In one pitch, they asked: “Do you want UCI’s legacy to be ‘Planet of the Apes’?” referring to the cult movie filmed on campus in the ’60s. Given the choice between a sci-fi simian wasteland and an expanded role in the environmental movement, students chose the planet Earth.

Approved in April, TGIF will raise more than $160,000 a year for projects that fight global climate change and shrink UCI’s carbon footprint. Students can apply for grants of up to $50,000, and their proposals are reviewed by a committee of five undergraduates.

“It puts power in the students’ hands and lets them take control of green projects,” says Kim, a second-year Earth and environmental sciences major.

TGIF, the brainchild of the California Student Sustainability Coalition, is already in place at UC Berkeley, UC Santa Barbara and other universities, and it has funded such green projects as waterless urinals, solar power panels, organic gardens and sustainability awareness campaigns. UCI hopes to launch its first TGIF project in 2010.

“UCI’s administration has done a lot for the environment. TGIF enables students to step up and make an impact,” Broad says. “It’s an educational opportunity for them to become familiar with implementing green projects.”

Kim, Broad and half a dozen other volunteers spent 10 to 20 hours a week during winter and spring quarters trying to convince students of the initiative’s importance.

“TGIF was accomplished only with many meetings, hundreds of e-mails and late hours,” Broad says. “The final week, every hour we were awake and not in class was centered on TGIF.”

Student representatives on the UCI Sustainability Committee, Kim and Broad are also active in other green efforts. Kim is a member of Students for Sustainability, the UCI chapter of the California Student Sustainability Coalition.

“I’m from San Francisco, and you can’t grow up there and not care about the environment — the issue comes up so much,” she says. “In UCI’s Earth science program, we learn about global warming and know we have to do something.

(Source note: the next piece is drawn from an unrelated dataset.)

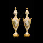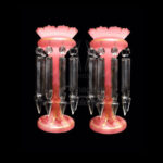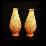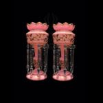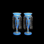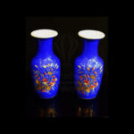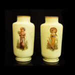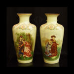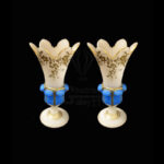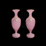 Manufacturing Opaline glass was established in Europe in nineteen century, this name was uesd in baccarat glass shop in France for the first time and became widespread in other French shops (1825-1870) and in America and England at the first decades of twentieth century at first, vases, pitchers, and delicate containers were made of this glass but due to rising demand, these objects painted with gilt and enamel designs and were ornamented with cool painting and glass strings.
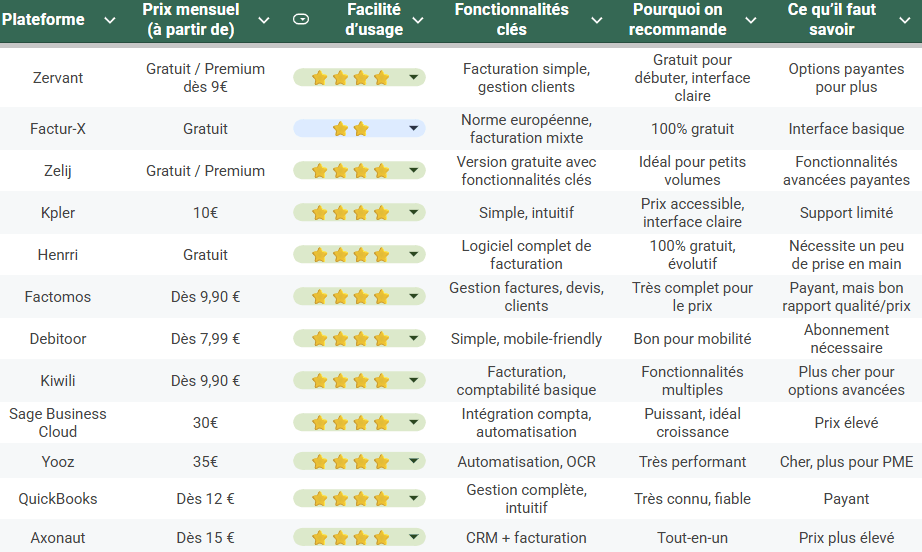 - Commence par du gratuit ou petit prix : Zervant, Henrri et Factur-X sont parfaits pour débuter.

I definitely want to devote my life to this cause.”

Broad was project manager for Green Campus, a student group dedicated to energy conservation. “I used to be a psychology major, but when I took a class in environmental analysis and design, something clicked,” he says.

After graduating this month, Broad plans to attend graduate school in environmental policy, volunteer with AmeriCorps and perhaps enter politics.

But TGIF ensures that commitment to the environment won’t diminish when those passionate about conservation leave UCI.

“TGIF will always be there to empower and motivate students,” Broad says. “It has ramifications beyond UCI, because it educates students to practice green living. Then they’ll go out into the workplace and influence others to do the same. They can effect great change.”